Speech Sound Disorders

Speech Sound Disorders?

As children develop their language skills, they learn to produce sounds. Most children say /p/, /m/, and /w/ early on, while sounds like /r/, /l/, or “th” often take longer to master. 

By four years old, children should be able to produce and say the majority of speech sounds. When a child is having difficulties with a sound that should have been mastered based on the child’s chronological and linguistic ages, it might be an indication of a speech sound disorder. This may either be an articulation or a phonological disorder. 

Articulation Disorder – This affects children’s speech on a phonetic and motoric level, which means they have trouble saying individual speech sounds, e.g. consonants and vowels.

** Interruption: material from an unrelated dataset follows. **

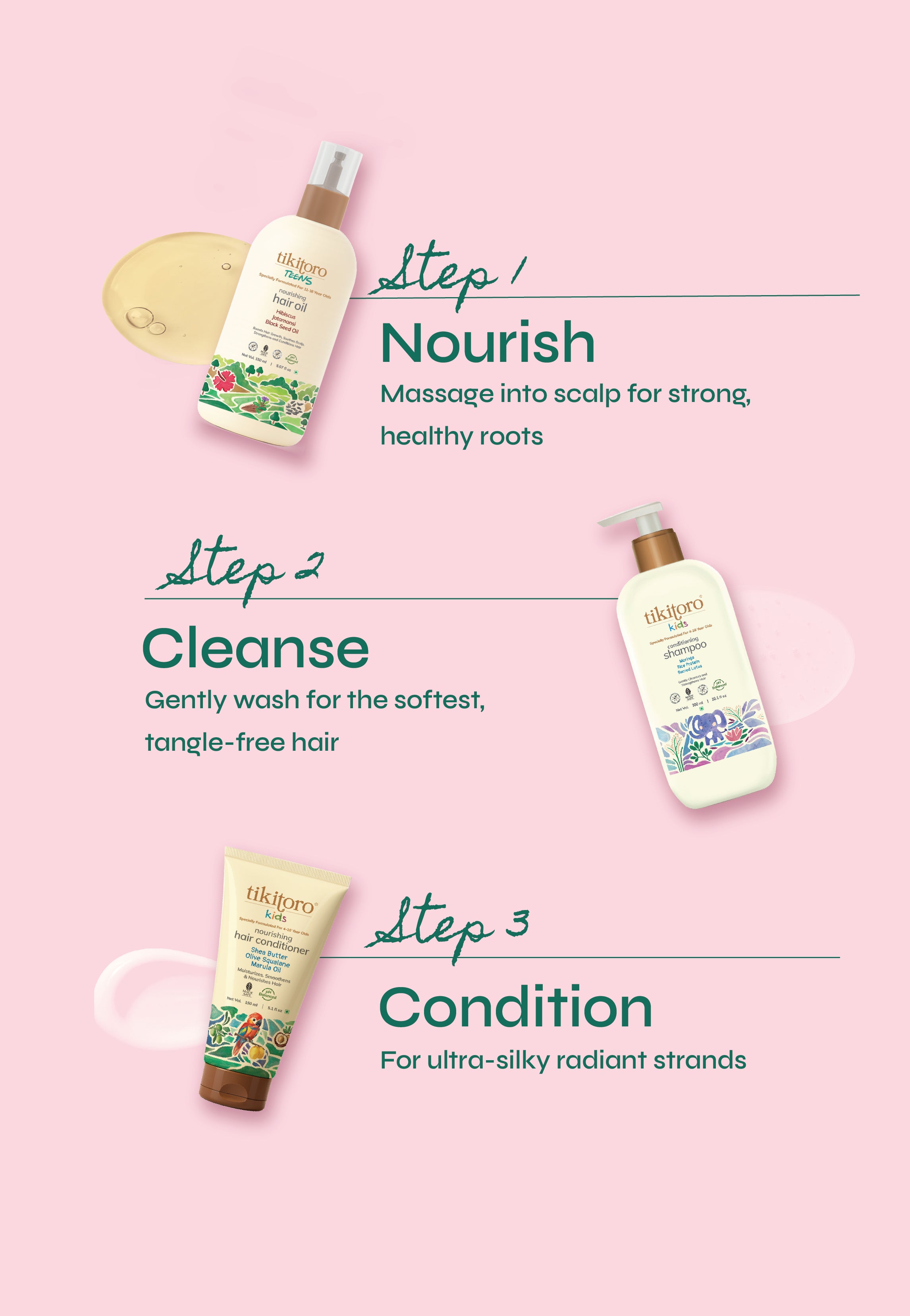 Wash off with tikitoro kids conditioning shampoo for super strong bouncy hair and follow with our kids nourishing hair conditioner for silky smooth and 100% tangle-free hair

For example, when a child cannot produce the /l/ sound, when he or she should be able to produce it based on the chronological and linguistic ages, and does not show a systematic error pattern (see below for phonological disorder), one can then assume that it is an articulation disorder. 

Phonological Disorder – This disorder occurs at the phonemic/linguistic/cognitive levels (a level higher than the phonetic/motoric aspects of speech production. Children with a phonological disorder show systematic patterns with their speech production errors, e.g. consistently delete /m/ in initial sounds, by saying “at” for “mat” or “ad” for “mad” for CVC (consonant-vowel-consonant) words, when the age error is unexpected for the child’s chronological and linguistic ages.